Disaster Recovery

Backup and Restore

It is recommended that your database is frequently backed up so that the data can be restored in case of a disaster.

In the case of a restore, a participant can replay missing data from the domain considering the domain’s backup is more recent than that of the participant’s. It is important that the participant’s backup is not more recent than that of the domain’s as that would constitute a ledger fork. Therefore if you backup both participant and domain, always backup participant database before the domain.
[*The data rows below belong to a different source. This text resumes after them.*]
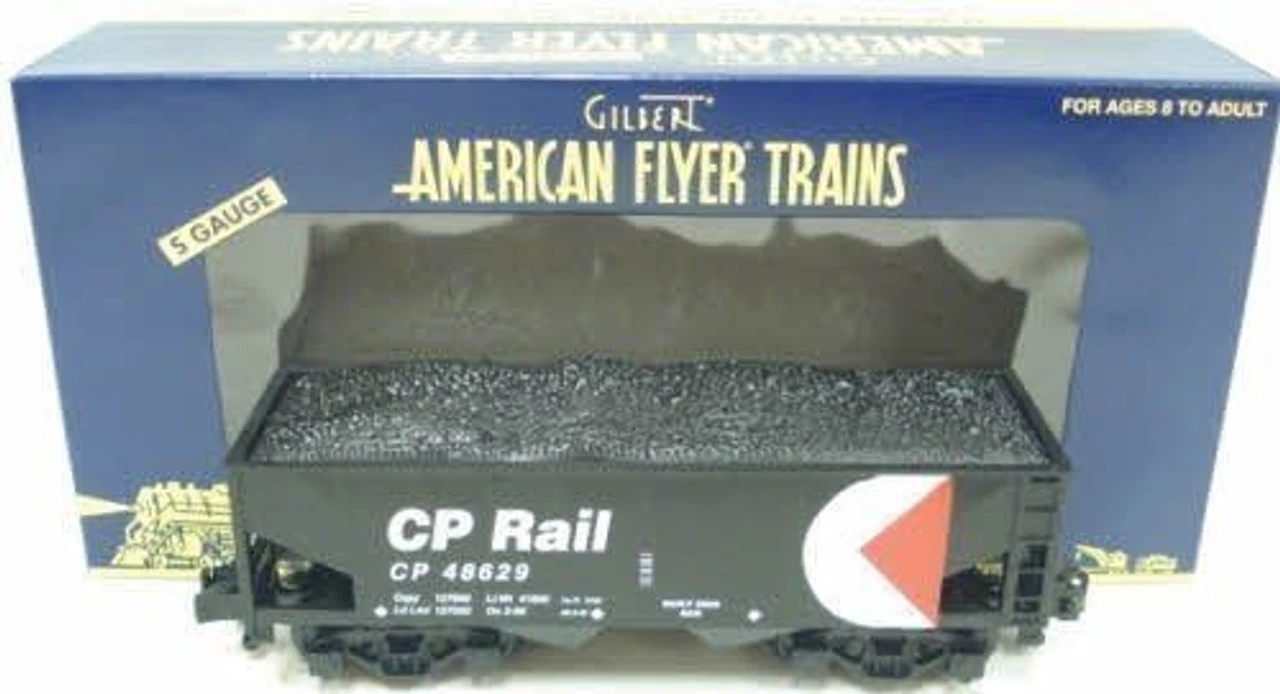 This is an American Flyer Canadian Pacific 2-Bay Hopper from 2006. This hopper features die-cast metal trucks, die-cast metal operating knuckle couplers, metal wheels and axles. Manufacturer: AF. Model Number: 6-48629. Years Manufactured: 2006 – 2006. Road Name: CP. Scale/Era: S Modern. Model Type: Freight Cars.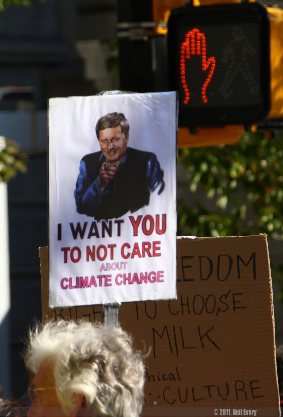 In light of the horrible events that transpired a few months ago following the Vancouver Canucks' loss in the Stanley Cup final, not to mention certain past incidents involving large crowds and local law enforcement, it was nice to see everyone getting along on Saturday. "Peaceful Protest" was very much the order of the day and though there were significant numbers of Police around (including several undercover guys tucked away up high on the surrounding buildings) everyone seemed to be in good spirits all things considered.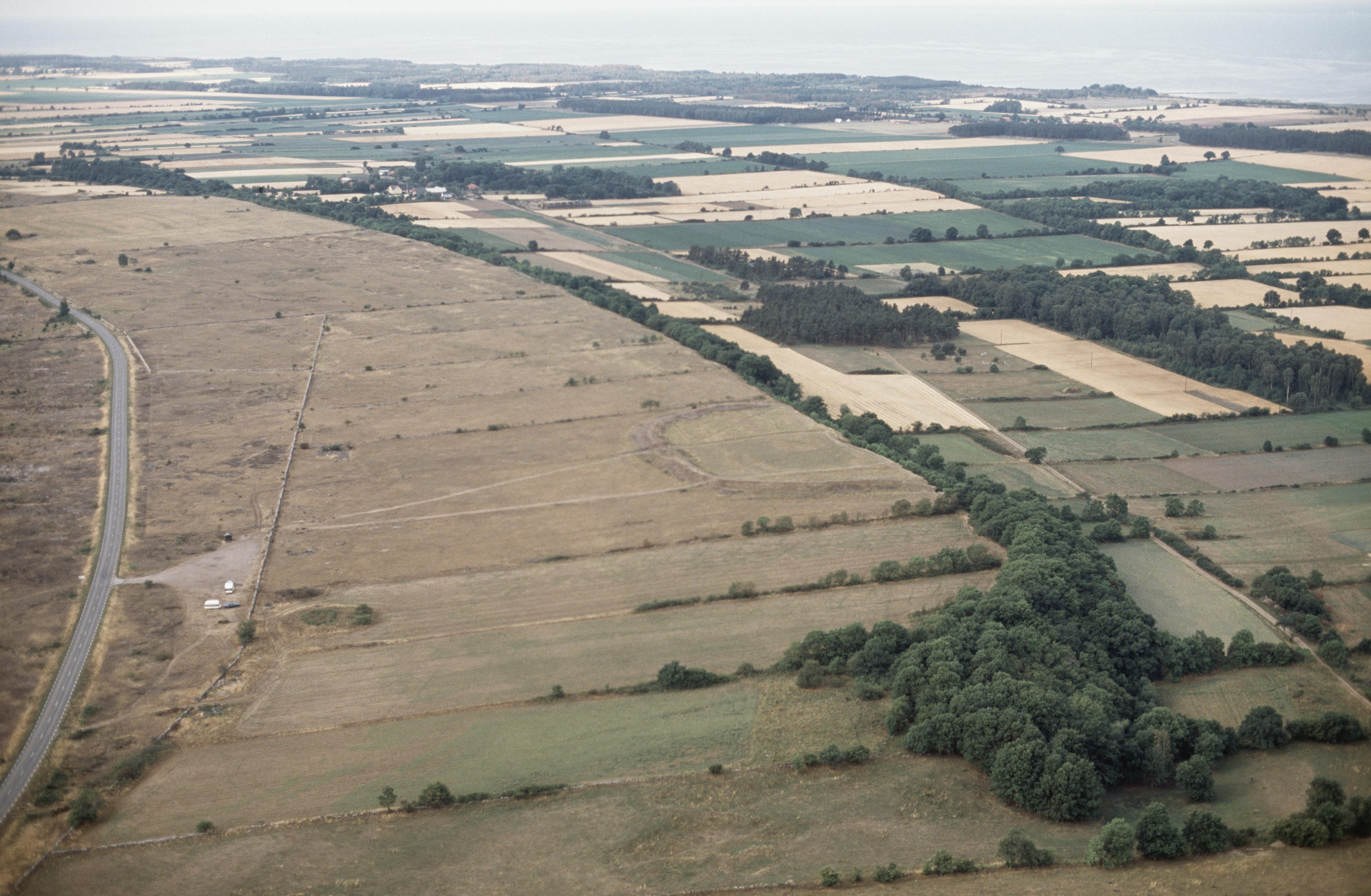 Alvaret. Fornborg Bårbyborg / Bårby borg RAÄnr Mörbylånga 17:1 vid bildens mitt. I bildens övre del byarna Beteby och Risinge. Bilden är tagen mot (väderstreck): SV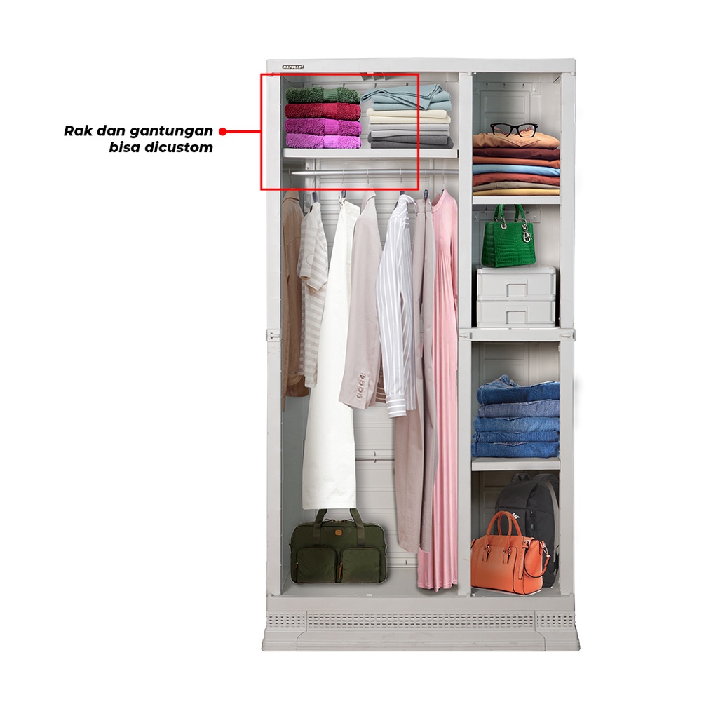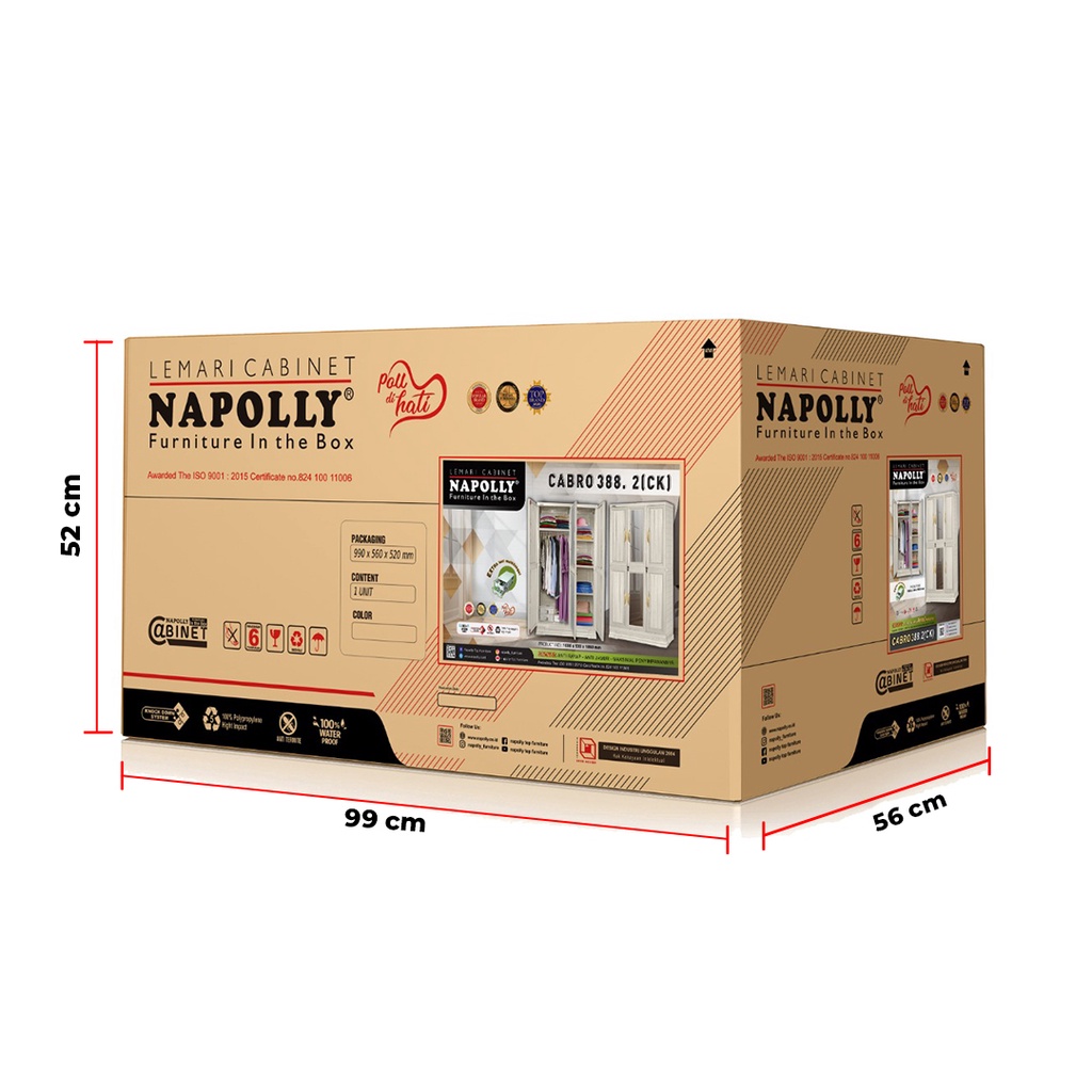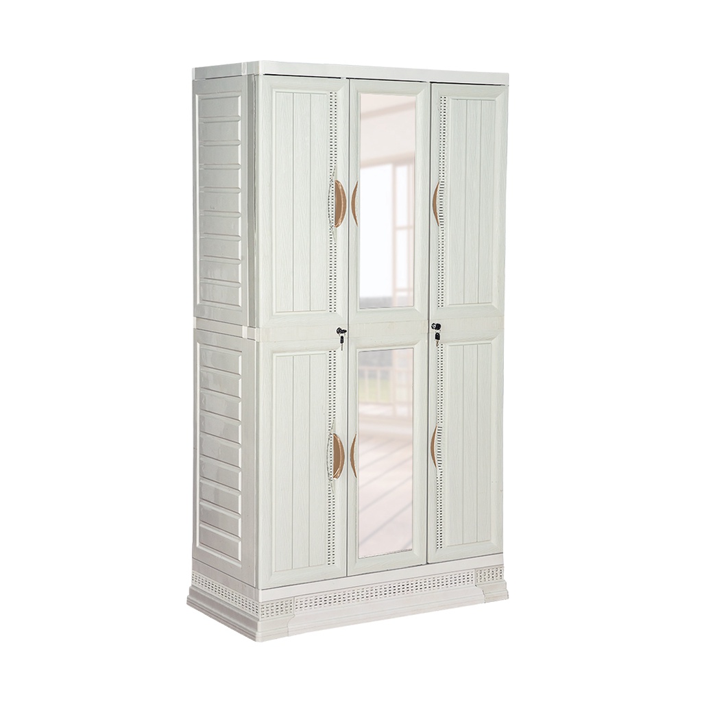LEMARI PAKAIAN PLASTIK NAPOLLY 3 PINTU + GANTUNGAN + RAK + 2 CERMIN MUDAH DIRAKIT MOTIF URAT KAYU ORIGINAL TERMURAH

In case of a domain restore from a backup, if a participant is ahead of the domain, the participant will refuse to connect to the domain and you must either:

  • restore the participant’s state to a backup before the disaster of the domain,

  • or roll out a new domain as a repair strategy in order to recover from a lost domain

We recommend that in production, a domain should be run with offsite synchronous replication to assure the most crucial data is always safely backed up and as up-to-date as possible.

Postgres Example

If you are using Postgres to persist the participant or domain node data, you can create backups to a file and restore it using Postgres’s utility commands pg_dump and pg_restore as shown below:

Backing up Postgres database to a file:

pg_dump -U <user> -h <host> -p <port> -w -F tar -f <fileName> <dbName>

Restoring Postgres database data from a file:

pg_restore -U <user> -h <host> -p <port> -w -d <dbName> <fileName>

Although the approach shown above works for small deployments, it is not recommended in larger deployments. For that, we suggest looking into incremental backups and refer to the resources below:

Repairing Nodes

Canton enables interoperability of distributed participants and domains. Particularly in distributed settings without trust assumptions, faults in one part of the system should ideally produce minimal irrecoverable damage to other parts. For example if a domain is irreparably lost, the participants previously connected to that domain need to recover and be empowered to continue their workflows on a new domain.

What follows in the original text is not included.